Persis: ‘Ik zal er niet rijker op zijn geworden. Ik schrijf geen bestsellers en bij de Volkskrant gaat mijn inkomen er alleen maar op achteruit. Misschien heb ik over tien jaar een sociale huurwoning in Amsterdam – als die er dan nog zijn. Het enige waar ik echt op hoop, is het basisinkomen.’

Dus je hoopt dat je over tien jaar in een sociale huurwoning zit met een basisinkomen?
Persis: ‘Ja. En dat ik af en toe bij Olivier ben, in Parijs of Berlijn. En dat ik alleen nog maar romans schrijf, geen recensies meer.’
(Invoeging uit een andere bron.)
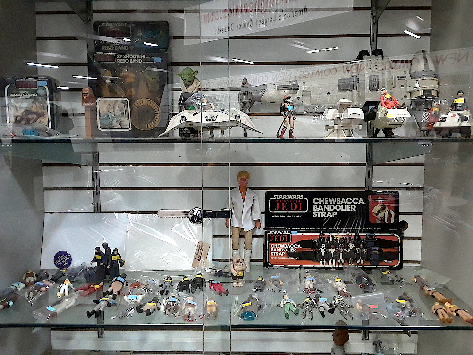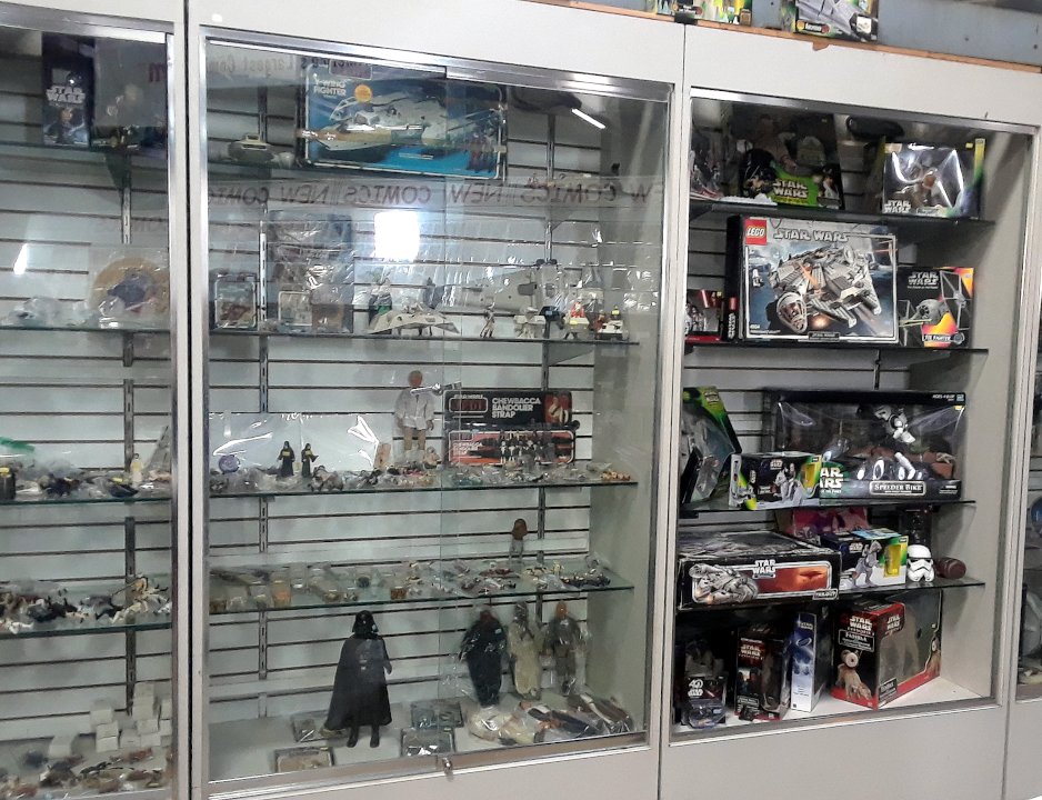 Some of the Star wars items in our Jason Street Mega Store As regards the actual Hasbro toy releases, we had none. Nor did anyone else. If I recall correctly, Lucas and Hasbro sold gift certificates during the 1977 Christmas season that promised Star Wars figures in early 1978, once they finally arrived from China. It was a truly crazy period of time. Fast-forward to today, and I am seeing a similar crisis of supply looming on the horizon. Instead of just one genre, however, I am of the belief that store shelves are going to be bare across-the-board after Black Friday, with not only almost all toys disappearing, but also all manner of other potential holiday gifts. Making everything in China (and other nations of the Far East) may have once seemed a great idea from a cost perspective, but if you can't get your finished goods delivered in a timely manner, then it can turn into a total disaster. Everyone had better buckle in (and buy your holiday gifts immediately) as I truly believe that this holiday season is going to be very, very rough. As regards Mile High Comics, I think that this is actually going to be our best holiday season, ever. Unlike other retailers, we purchase almost all of our toy selections directly from private collectors, so there is no way that we are ever going to run short. Thanks to the diligent efforts of Will, Pam, (and myself), we have easily doubled the number of rare toys (and other truly cool collectibles) that we have on display today in our wonderful Jason St. Mega-Store, and we are very actively seeking to buy (or trade) for even more scarce and unique items. Simply put, every cent that we are earning from our current very generous 60% off HALLOWEEN! back issue comics and magazines codeword sale is being recommitted to buying toys and collectibles for the upcoming holiday season. If you are looking to sell or trade pop culture toys of any kind, Pop! Figures, graphic novels, or statues with us, now is definitely your best time to make a deal!  Some of the Star wars items in our Jason Street Mega Store Before I leave the topic of our impending holiday shortages, let me emphasize that I believe that this is (in all probability) going to be a very short-lived crisis. Our economic system is remarkably resilient these days, and can recover from discontinuities very quickly. Just as we experienced a 90% decline our Star Wars merchandise sales at Mile High Comics in the first quarter of 1978 (after the immense shipments of Hasbro toys from China finally hit the big box stores
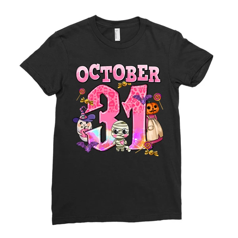 Digital printing is an amazing process that involves your artwork “October 31” being processed by a computer and then printed directly onto the surface of your product. Digital printing is not a heat transfer or applique, as the ink directly adheres to the fabric of your shirt. Each printing process has its strengths, and our artwork team will weigh these when deciding which to use for your art.
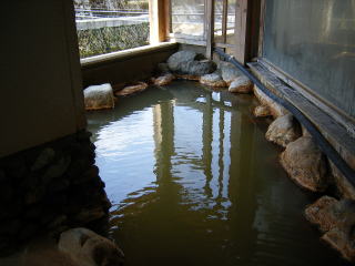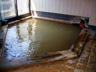 五角形で7,8人入れる内湯は,湯口では透明ですが浴槽にはいると酸化して薄茶色に濁っています。
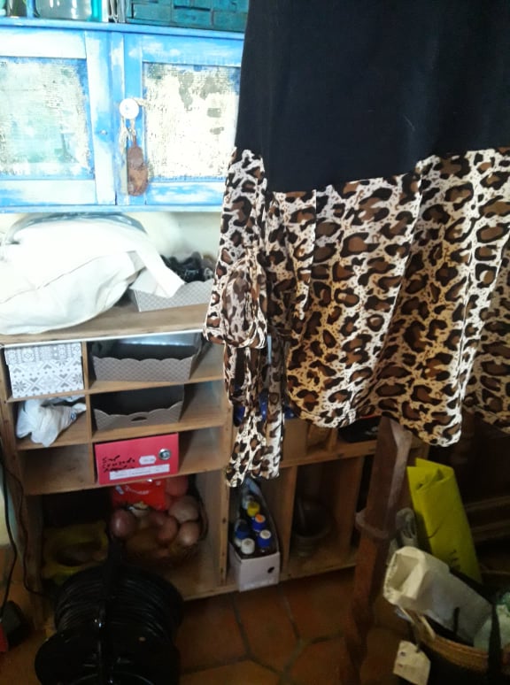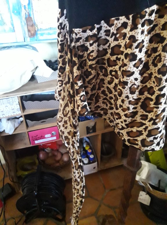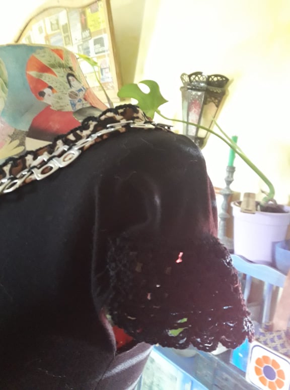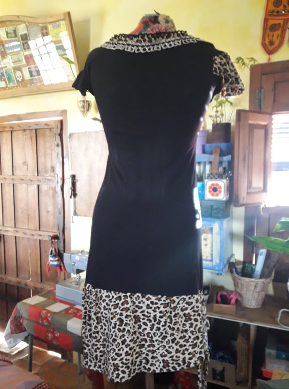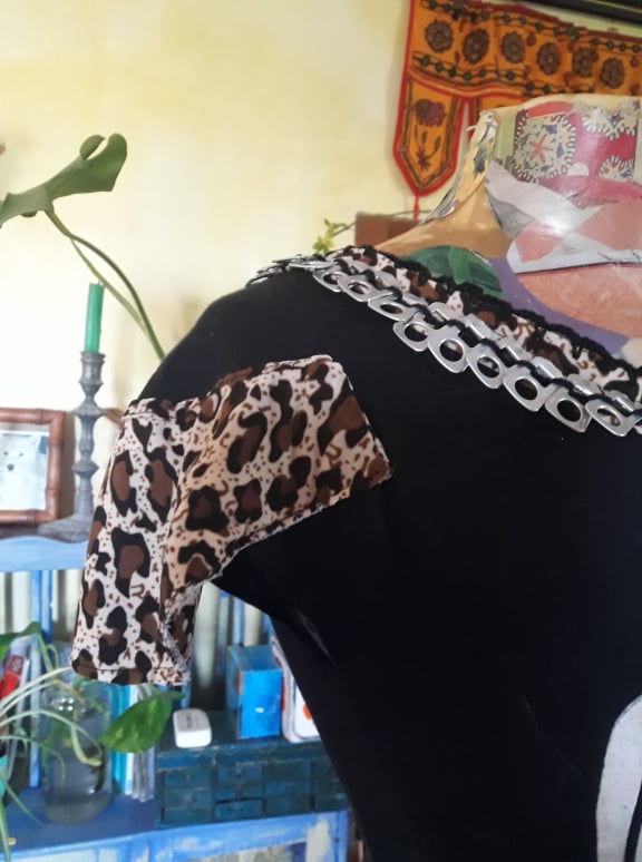 Camivesti La Ratonera con doble cadena de anillas de lata con ganchillo en cuello, combinado con leopardo en hombro, falda y cuello.

Hanna: ‘Ik hoop dat ik over tien jaar nog steeds van mijn boeken kan leven, dat mijn gezondheid er niet op achteruitgaat en dat ik in mijn huis kan blijven wonen. Ik hoef niet vooruit, maar ik wil niet achteruit.’

Joost: ‘Ik vind het echt iets voor mezelf om heel veel moeite te doen om hoofdredacteur van De Groene te worden – en dat het blad vervolgens in mijn handen totáál in elkaar stort. Misschien heb ik ook een kind, een hond, een Volvo, mooiere pakken, betere schoenen, grotere wallen onder mijn ogen, een paar vierkante meters extra. Misschien dat ik dan mijn oude huis aan Persis kan verhuren?’